Читаем Пятое измерение. На границе времени и пространства полностью

В Петербурге, бывшем в пору и того и другого столицей Российской империи, есть три великих конных памятника: Петру I, Николаю I и Александру III.

Первый – Петру I – знаменитый Медный всадник. Тут, справедливо с точки зрения того же (тогда никому неведомого) Восточного календаря лошадь опирается на змею (понадобилась третья точка опоры). «Не так ли ты над самой бездной,//На высоте, уздой железной//Россию поднял на дыбы?..» (Пушкин).

Второй – Николаю I – примечателен только тем, что устоял на дыбах, точнее, на двух ногах.

Третий – Александру III – памятник работы Паоло Трубецкого, совсем замечательный, замечательный еще и тем, что стоит он наконец уверенно, на всех четырех точках, на нем плотно сидит плотный царь, никого не соблазняя символикой, оттого никем, кроме Василия Розанова, не понятый, не взлюбленный, прозванный чернью «комодом». «Конь уперся, – писал Василий Розанов, – как перед обрывом, дальше пропасть. Россия не хочет двигаться дальше». Россия не хочет…

Памятник был свергнут в революцию 1917 года с особой злобой, потому что очень прочно стоял (теперь он спасается на задворках Русского музея). Россия захотела четвертого всадника: Ленина.

Так вот, если Медный всадник давно уже больше памятник Пушкину, чем Петру Великому, то «комод» давно уже больше памятник Чехову, чем Александру.
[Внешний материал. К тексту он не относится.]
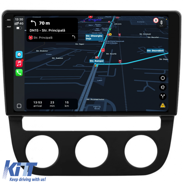 Operating system: Android 13 Processor: Octa-core 1.8Ghz RAM: 8GB Internal storage (ROM): 256GB Display size: 10 Inch Screen resolution: 1280x800p Bluetooth: Bluetooth for calls, downloading phonebook, and music playback WiFi: Yes (Integrated) 4G SIM slot: Yes Network connectivity: 4G, phone hotspot, external router, 3G or 4G dongle, CarPlay Android Auto Microphone: Built-in microphone, with the possibility to connect an external microphone Power supply: 12V Audio power: 4x45W DSP equalizer: Digital sound processor (DSP EQ) USB SD compatibility: Suitable for USB up to 128GB, SD support via USB adapter Android app compatibility: Suitable for most Android applications from Google Play CarPlay and Android Auto compatibility: Yes, suitable for iOS (CarPlay) and Android (Android Auto) Language support: Romanian, English, Hungarian, Spanish, Italian, German, etc. Screen type: Capacitive touchscreen, multi-touch, IPS Brightness settings: Yes RDS radio: Yes RCA subwoofer output: Yes RCA video output: Yes, with the help of a USB adapter RCA audio output: Yes GPS: Yes, (Google Maps, Waze, HereWeGo) Parking sensors: Yes (Park sensor integration with display where applicable) Steering wheel control: Yes (Steering wheel control integration with canbus or analog where applicable) DVR camera compatibility: Yes Rearview camera compatibility: Yes User manual: Yes Package content: Android navigation Adapter frame Power wiring GPS antenna 4G antenna RCA connectors Wiring for rearview camera, 2 USB cables Canbus (only if applicable) Warranty certificate Invoice The navigation is suitable for the following car brands: Volkswagen: Golf5 (2004-2009) Jetta (2004-2009)

Такова всепобеждающая роль великой русской литературы – в ироническом и неироническом смысле, – только она и остается. История утопает в нашем бесконечном пространстве и только в литературе сходится в узелок.

Так, Александр III, прихлебывая тайком из-за голенища, пытался править тихо и нормально. Не забудем, что когда отменили крепостное рабство в России, Антону Чехову был год от роду, а когда убили Освободителя – двадцать один. Еще и потому дедушка, что мой дед был на год старше Чехова. И когда я написал в каком-то тексте, недоумевая по поводу, что столетие отмены крепостного права никак у нас не было отмечено в 1961 году: «Я родился, когда советской власти еще не было двадцати лет, зато мой дед родился еще при крепостном праве», – то фраза эта была безусловно удалена цензурой: не могла быть советская власть такой молодой, а я таким старым. И крепостное право не могло быть еще так недавно.

Тем более что советская власть его вводила, а не отменяла. Какое крепостное право, когда у нас человек в космосе! Между тем дедушка Чехова был еще крепостным рабом. Действительно, какая тут может быть история! Как тут не запить…

Я на мир взираю из-под столика:Век двадцатый – век необычайный!Чем столетье лучше для историка,Тем для современника – печальней.
Николай Глазков, 1961

3

Я уже перепеваю себя. Недавно написал фразу, которую никто уже не вычеркнул: «Я родился всего лишь через сто лет после жизни Пушкина».

Действительно, все слишком недавно. Русская литература прошла свое великое развитие, от Пушкина и Гоголя до Чехова и Блока, тоже за каких-то сто лет. Так называемый Золотой век русской литературы – Пушкин, Лермонтов, Гоголь – даже не обсуждается, как первая брачная ночь: так это было давно, так это заслонено массивами Толстого и Достоевского. Однако дух Золотого века никто не усвоил – его только присвоили (как присваивали, не вникая в омонимическую каверзу языка, звание Героя Советского Союза в недавние времена). У Пушкина присвоили язык, употребляя как попало, старательно самого Пушкина не понимая. Лермонтов – другое дело. Все, написанное Лермонтовым до смерти Пушкина, усердное ученичество, вплоть до переписывания. В хрестоматийном стихотворении «На смерть поэта» Лермонтов делает свой первый полный вдох. «Что ж, веселитесь! Он мучений последних вынести не мог…» – такой степени восчувствования другого

человека в русской поэзии больше нет. Так не мог написать даже Пушкин. После Пушкина Лермонтов пишет только так, как не мог написать Пушкин. Реанимация уста в уста. Лермонтов понял, какой крест нес на себе Пушкин, и принял на себя весь вес. Через четыре с половиной года он не захотел больше и тоже подставил себя под пулю. Ему, как боевому офицеру, такая возможность была наиболее привычна. И русская литература продолжила самоубийственный путь Лермонтова, а не Пушкина.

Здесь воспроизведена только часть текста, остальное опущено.